Moisés Sáenz

Moisés Sáenz (1888–1941) was a Mexican leading education advocate and reformer of education in Mexico during the first half of the 20th century. Many of the philosophies and programs that Sáenz introduced during his tenure as Sub-Secretary for the Secretariat of Public Education in the 1920s came from the influences of his mentor, John Dewey.

Early life

Moisés Sáenz was born in 1888 in the northern Mexican town of Monterrey. His family was one of the relatively few Protestant families in Mexico at the time, something which had a strong influence on the path Sáenz's life would take. Moisés had a brother, Aaron, who also rose to prominence in post-Revolutionary Mexico, first as a politician (he served as Secretary of Foreign Affairs, Secretary of Public Education and Governor of Nuevo León) and later as a sugar baron known to some as the “king of Mexican sugar.”

Early education

As a member of a Protestant family, Sáenz was strongly influenced by the strong education tradition set by Protestant missionaries, starting in the late 1820s.[1] Because each Protestant was expected to be able to read the Bible on his or her own, literacy was an essential skill. A major feature of this effort was the founding of schools, in both urban and rural areas, which allowed local children to gain access to a quality education that often would otherwise have been inaccessible.[2]

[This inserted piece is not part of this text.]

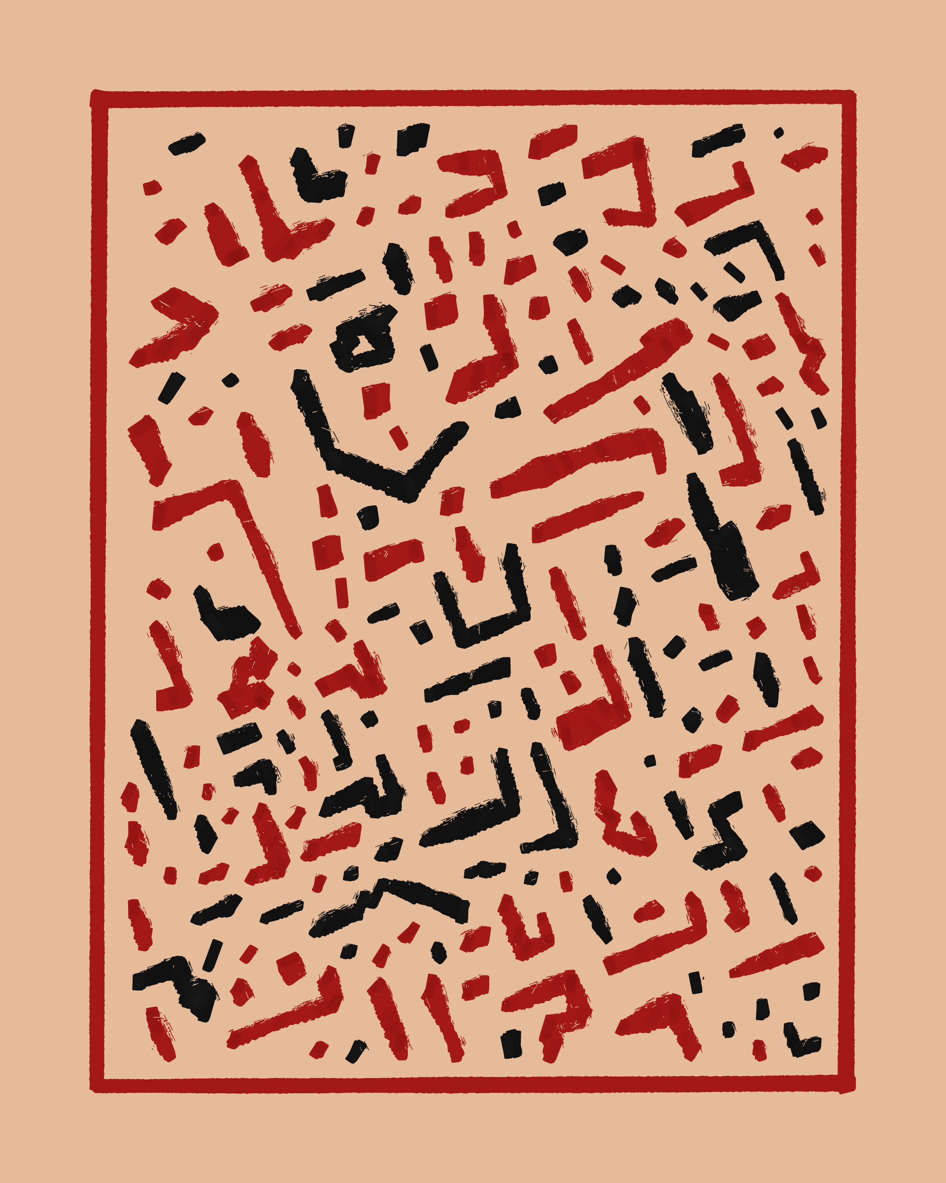 This project explores the age-old computer art phenomenon of inviting the viewer to actively participate in the interpretation of the visual output. The way "Sharp-E" draws the strokes is through a mix of various movements ā irregular curves, straight lines, sudden changes in direction ā in a classic random walk algorithm, while avoiding overlaps with previously drawn strokes. There are no pre-programmed forms per se, but nevertheless it can be common for the viewer to perceive images, symbols, meaning in the generated output.

The majority of Sáenz's childhood education took place at the hands of Protestant missionaries. His elementary school years were spent in his hometown of Monterrey from 1896-1902. He them moved to the Coyoacán Preparatory School for Boys in Mexico City in 1903, where he remained until 1908.

Higher education

After graduating from Coyoacán at age 20, Sáenz obtained a teaching credential before moving to the United States to further his education in 1909.

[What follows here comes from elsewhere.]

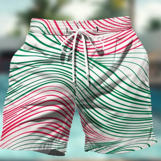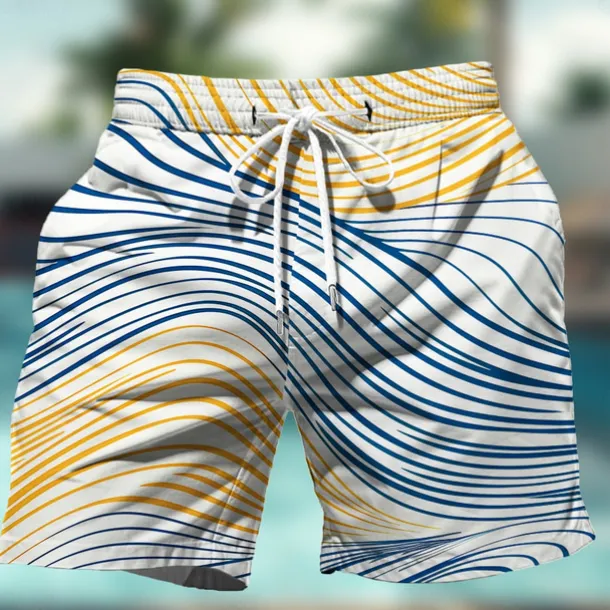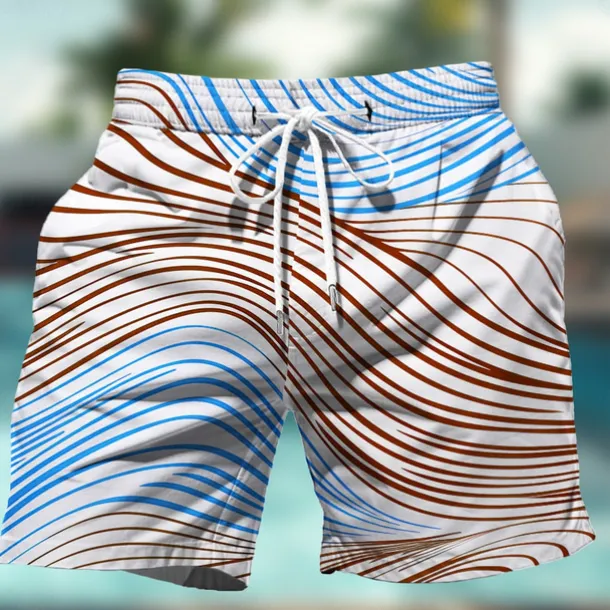 Men’s Geometric Pattern Colorful Line Swim Shorts Board Shorts Swimming Trunks Mid Waist Hawaiian Casual Holiday Beach Drawstring with Mesh lining Elastic Waist Designer Clothing Apparel

Once in the United States, Sáenz remained within the Protestant educational sphere. He attended Protestant-affiliated Washington and Jefferson College in Washington, Pennsylvania. After graduating from Washington and Jefferson, Sáenz began his post-graduate studies across the Atlantic at the University of Paris before returning to the United States to pursue his doctorate at Columbia University.

Influence of John Dewey

At Columbia, he met John Dewey, who became a mentor to Sáenz and helped to shape many of the theories and policies Sáenz would pursue throughout his professional career.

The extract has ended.